I read Tim Parks’s “A season with Verona” some months ago and was struck by the simplicity of the tale, the rhythm of the seaon, the travails of the team, the club and its supporters.
With his model in mind, I decide to begin a blog that follows Manchester United for the 2006/2007 season. As I begin writing this blog at the tail end of yet another soft season, another “a season in transition”, I will be tempted to dwell on the falling apart of the year, to comment on the errors committed by management, the faults of the team, the fundamental flaws of the Glazer regime.
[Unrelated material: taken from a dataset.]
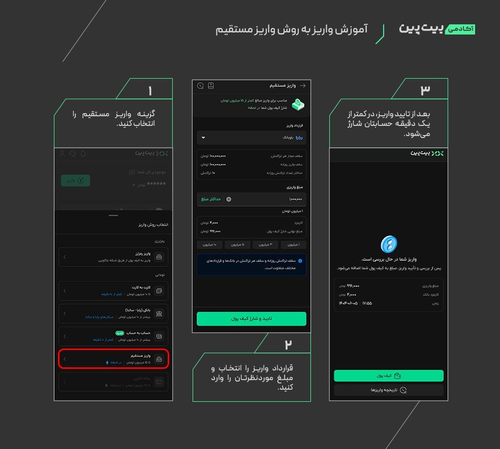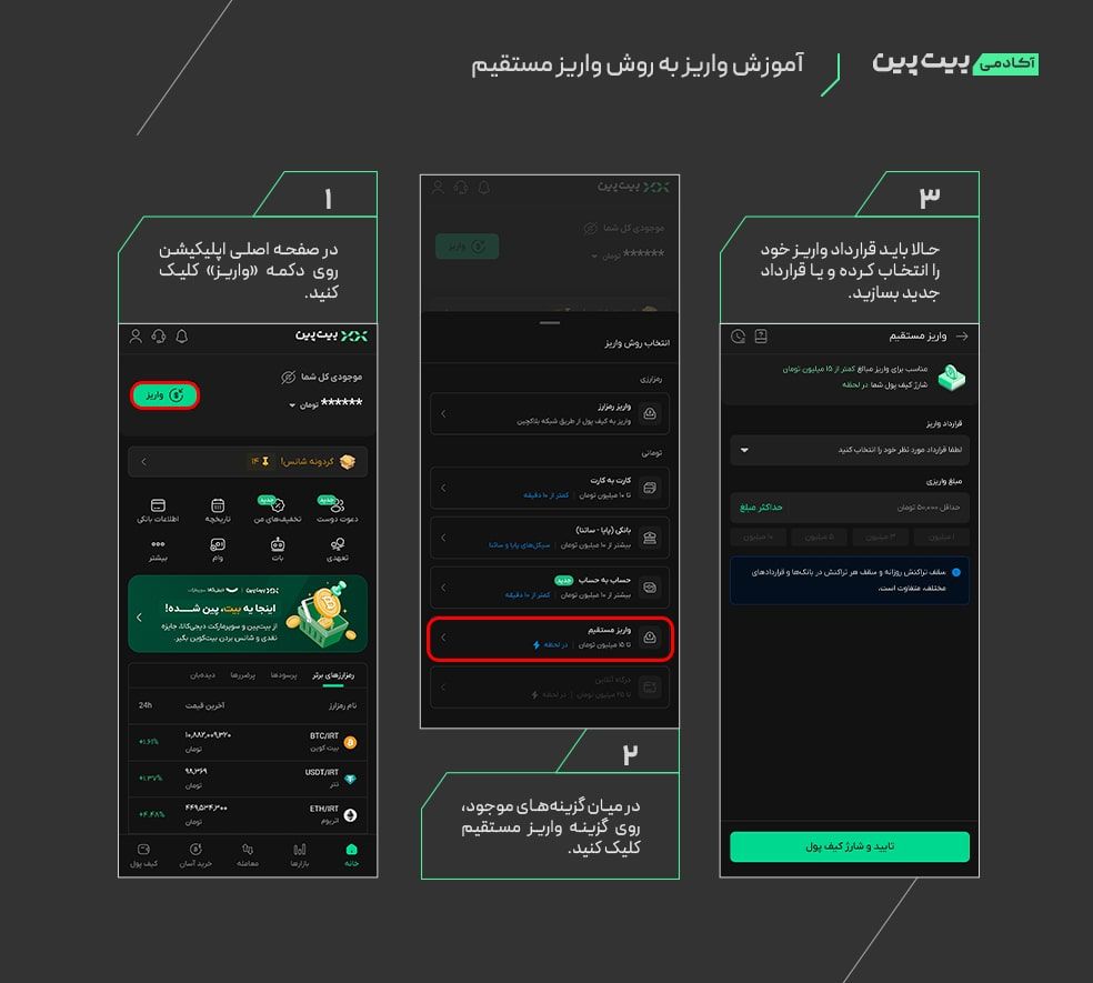 • در وبسایت یا اپلیکیشن بیت پین به بخش «واریز» و بعد «واریز مستقیم» بروید.
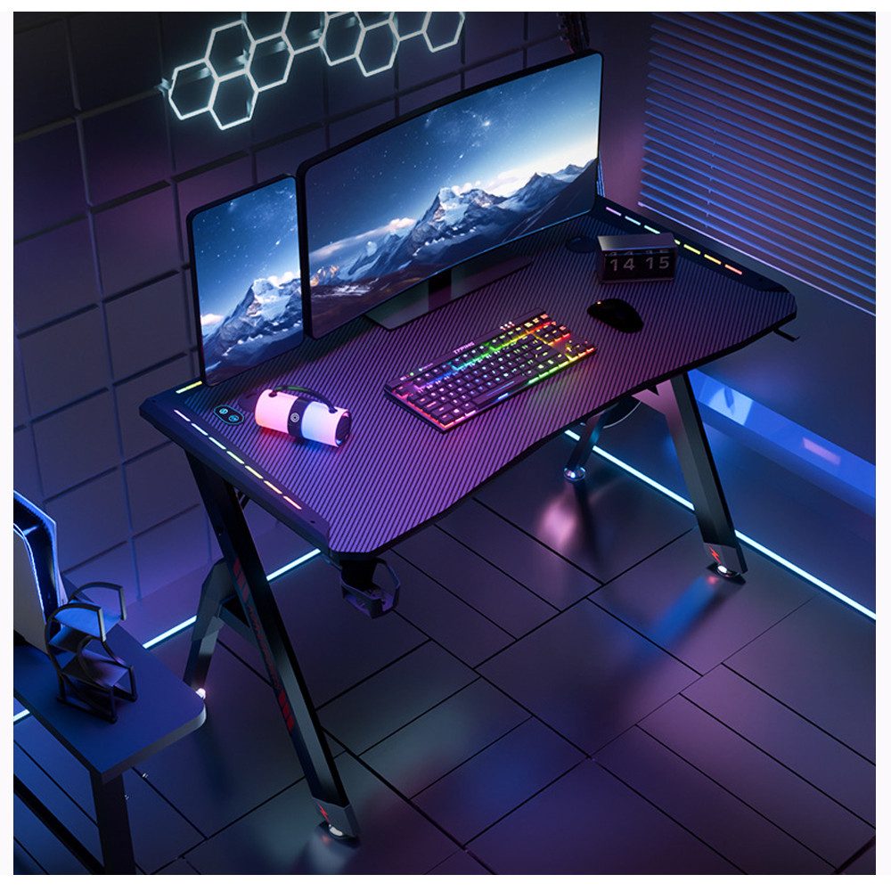 Der RHEIN BELEUCHTUNG Gaming-Schreibtisch 140x60 cm wurde speziell für Gamer und Technikliebhaber entwickelt. Sein robuster Stahlrahmen, die ergonomische Carbon-Oberfläche und die stilvolle RGB-Beleuchtung verbinden Funktionalität mit moderner Ästhetik. Mit ausreichend Platz für mehrere Monitore, einer Beinfreiheit von 73 cm und einer praktischen Ausstattung wie Becherhalter und Headset-Haken bleibt Ihr Setup stets organisiert und komfortabel.

Reduced to feeble “hindsight”, outsider analysis, and marginalised: all part of the ignominy of the modern football fan. But even the modern English game, awash with its Russian Roubles, Sky money, international markets and celebrity “players”, has yet to totally discredit the larger tradition of which it is a part.
Over the weekend, Alan Shearer, that perennial hate-figure within Old Trafford, scored his 201st goal for Newcastle United, thereby breaking Jackie Milburn’s goal-scoring record. The Sentimental Machine wore down own cynicsm relentlessly as, in between grainy replays of FA Cup glory, we see Wor Jackie score.
Yesterday, too, was the anniversary of the Munich air crash. Not too much mention of this in the international press. Perhaps it was because this year was a non-decade (48th) anniversary. Still, there’s no better indication of modern day football’s short-sighted, now-ness than this exhibition of neglect.